Reproduce all of the data below without alteration; exclude every picture.

▸ Supplied information:
···

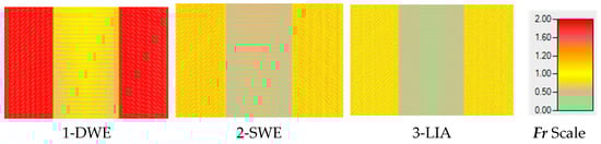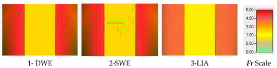 The HEC-RAS software records maximum Fr distributions for the 2D unsteady flow event. This study explored the connection between solution performance, equation accuracy, and the areal distribution of the Fr. According to Almeida and Bates [], the accuracy of the LIA model can be closely linked to the Fr, which characterizes the flow regime. The flow is subcritical when the Froude number is less than 1 (Fr < 1). At Fr = 1, the flow is at a critical depth, and when Fr > 1, the flow is supercritical, moving faster than the wave propagation speed. Most of this study’s simulations expected supercritical flow (Fr > 1). The critical questions regarding the Froude number in this study were as follows:
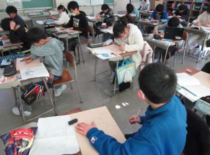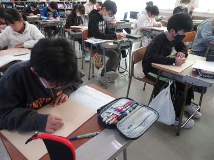 1月17日(水)5年 図画工作科「版に下描きをしよう。」
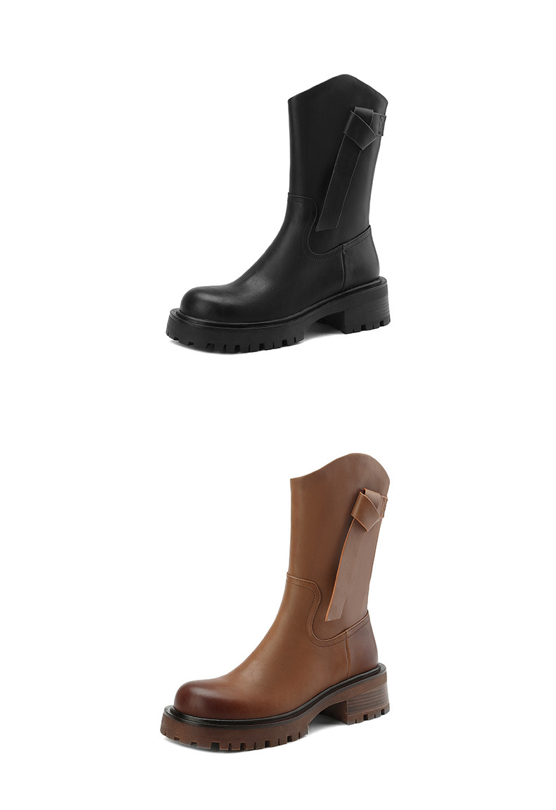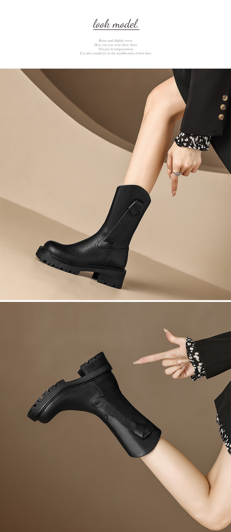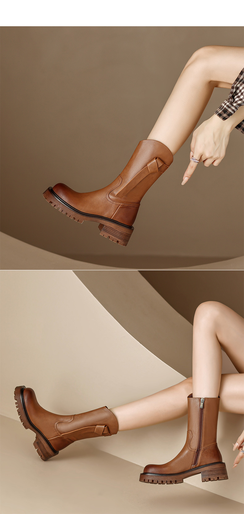 영국식 두꺼운 밑창 마틴 부츠 여성용 정품 가죽 둥근 발가락 짧은 부츠 세련된 술 웨스턴 중간 길이 부츠

···

▸ Response:
 The HEC-RAS software records maximum Fr distributions for the 2D unsteady flow event. This study explored the connection between solution performance, equation accuracy, and the areal distribution of the Fr. According to Almeida and Bates [], the accuracy of the LIA model can be closely linked to the Fr, which characterizes the flow regime. The flow is subcritical when the Froude number is less than 1 (Fr < 1). At Fr = 1, the flow is at a critical depth, and when Fr > 1, the flow is supercritical, moving faster than the wave propagation speed. Most of this study’s simulations expected supercritical flow (Fr > 1). The critical questions regarding the Froude number in this study were as follows:
 1月17日(水)5年 図画工作科「版に下描きをしよう。」
 영국식 두꺼운 밑창 마틴 부츠 여성용 정품 가죽 둥근 발가락 짧은 부츠 세련된 술 웨스턴 중간 길이 부츠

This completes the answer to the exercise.